Oliver · November 10, 2021, 9:24am

Hello, cmo.

Yes, my current code uses something like your maybe_update_x function already.

So, to reiterate: It’s about the filling of big messages implemented as maps.

Originally the elixir code might have looked like this:

def build_message(...) do
%{ a: 1,
   b: 2,
   c: 3,
   d: 4
}
end

Then, over time some of these fields might be optionally present dependent on conditions.

There are several approaches to implement that, let me present two I’ve tried:

def build_message(...) do
%{ a: 1,
   b: some_precondition && 2,
   c: 3,
   d: another_precondition && 4 || 2
}
|> filter_out_nil_values()
end

So here d is not a problem, it will always resolve to a “valid value.” But b is intended as optional, we want it filtered out under some conditions.

The filter_out_nil_values/1 does exactly that, but you have to remember to call it.

The problem here, as I see it, is that expressions can only return values and there’s no value to return that would naturally make us omit the value in the map when using declarative syntax.

Alternatively we can handle any truly conditional value outside of declarative syntax.

def build_message(...) do
%{ a: 1,
   c: 3,
   d: another_precondition && 4 || 2
}
|> map_put_if(:b, 2, some_precondition)
end

By the way, I’m not trying to advocate the use of operators here, the code could easily be written like this:

def build_message(...) do
%{ a: 1,
   b: if some_precondition do 2 end,
   c: 3,
   d: if another_precondition do 4 else 2 end
}
|> filter_out_nil_values()
end

Or it could call functions returning values.

What I’m trying to say is that when you start to fill dozens of values into a big map, as is my use case all over my code base, you start to run into limitations in the declarative syntax.

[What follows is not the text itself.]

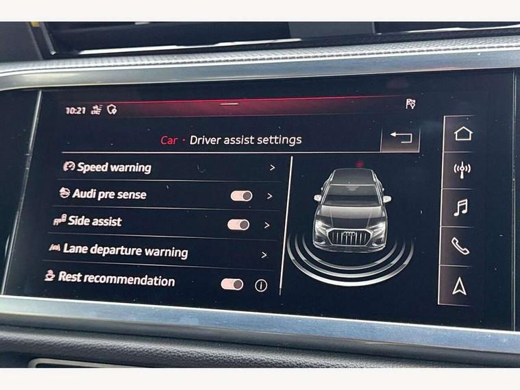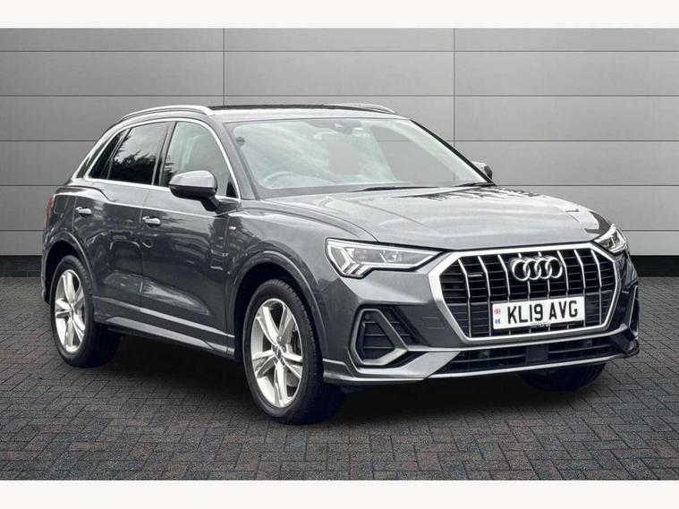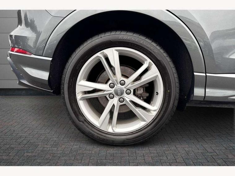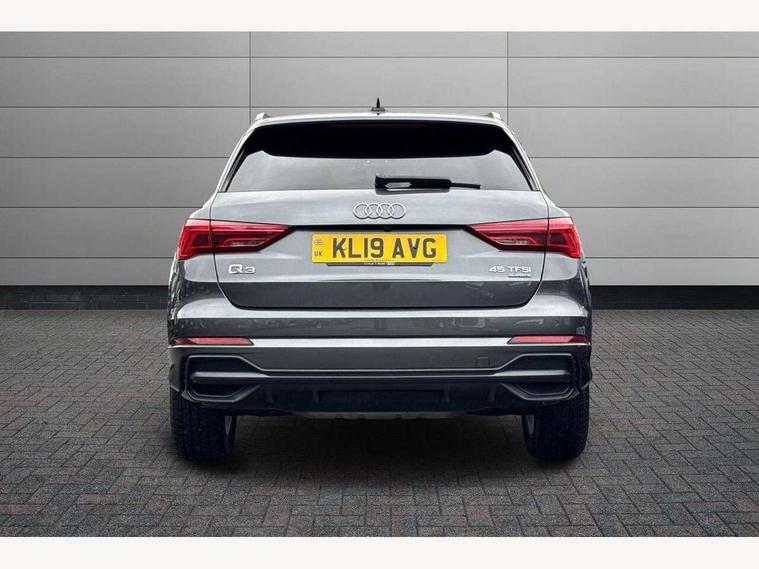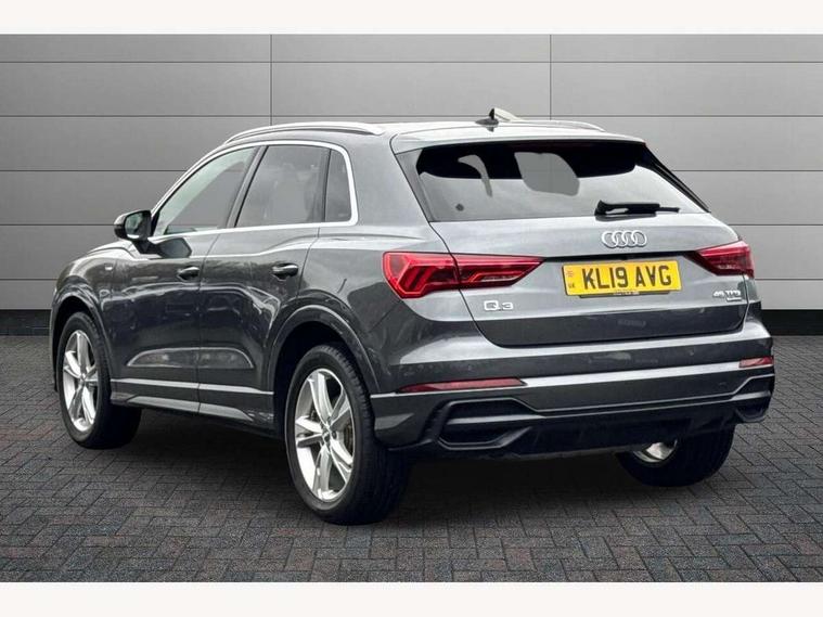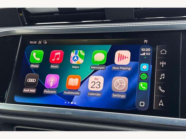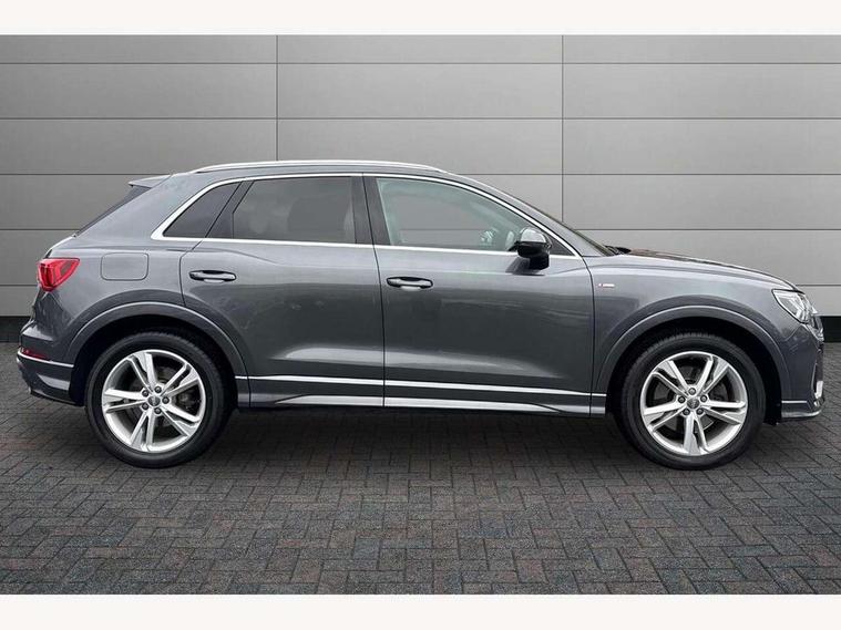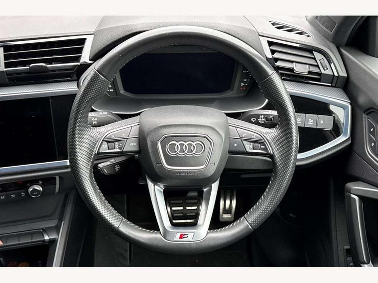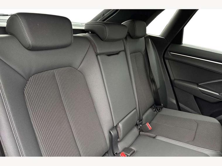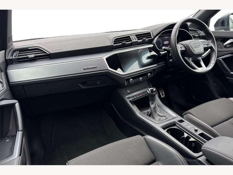 Audi connect safety and service (e-call), Audi drive select, Audi lane departure warning, Audi side assist, Audi smartphone interface, Bluetooth interface, Camera based traffic sign recognition, MMI navigation plus with MMI touch, Power opening/closing tailgate, Progressive steering, Rear parking sensors, Service interval indicator, Stop/start system, Voice control system, Sports suspension, 1 x USB type C and 1 USB type A charging points, 6 speakers, DAB digital radio module, Acoustic windscreen, Aluminium roof rails, Aluminium window trim, Auto dimming rear view mirror, Body coloured bumpers, Diffuser in matt Platinum grey, Electrically adjustable and heated door mirrors with integrated LED side indicators, Front and rear electric windows, Front fog lights, Front side air inlets in matt platinum grey, Front spoiler blade in matt platinum grey, Grille vertical bars in aluminium silver/Matt, High gloss black finish B and C pillars, LED headlights with LED daytime running lights and dynamic rear indicator, LED rear lights, Privacy glass, Rain and light sensors, Rear diffuser strip in matt titanium black, S Line badge on wings, S Line front and rear bumpers, Side skirt insert in matt Platinium grey, Titanium black radiator grille, 12V socket in rear centre console, 40:20:40 split folding rear bench seat, Adjustable rear seat bench/backrest with centre armrest and cupholder, Aluminium door sill trims, Black cloth headlining, Dual zone climate control, Front and rear black floor mats with contrast stitching in rock grey, Front and rear headrests, Front centre armrest with storage compartment and angle adjustment, Illuminated door sill trims with S logo, ISOFIX child seat mounting and Top Tether with front passenger airbag deactivation, Manual front seats with height adjustment, Perforated leather gearknob, Stainless steel luggage compartment sill finisher, Stainless steel pedals, Non smoking pack - Q3, 3x3 point rear seatbelts, 6 airbags - Driver, front passenger, curtain and side windows, Electrically operated child locks on rear doors, Electromechanical parking brake, Electronic stabilisation control including ABS, ASR and EDL, Hill hold assist, Pre sense basic, Seatbelt monitoring, Tyre pressure warning, Warning triangle and first aid kit, Anti theft alarm, Anti theft wheel bolts, Audi pre-sense front with pedestrain and cyclist recognition, Remote central locking, Dark matt brushed aluminium inlay, MMI touch colour display in gloss black with aluminium surround,

But in my experience, for humans parsing the code with their eyes declarative syntax is by far the most intuitive. And that counts for a lot in my codebase which is meant to last several more years after evolving for 3 already. I also need to reread code a lot that I wrote years ago, so readability is key to maintainability for me.

Gwaeron · November 10, 2021, 10:10am

How many interfaces do you have for encoding? Wouldn’t it just be a matter of calling it once in that one place in the encoder?

It sounds more like you want a proplist than a map. The absence of a key-value pair would simply be the absence of the {:key, value} pair in the list. If a map is necessary to do the encoding, it should be trivial to convert a proplist to a map just before encoding.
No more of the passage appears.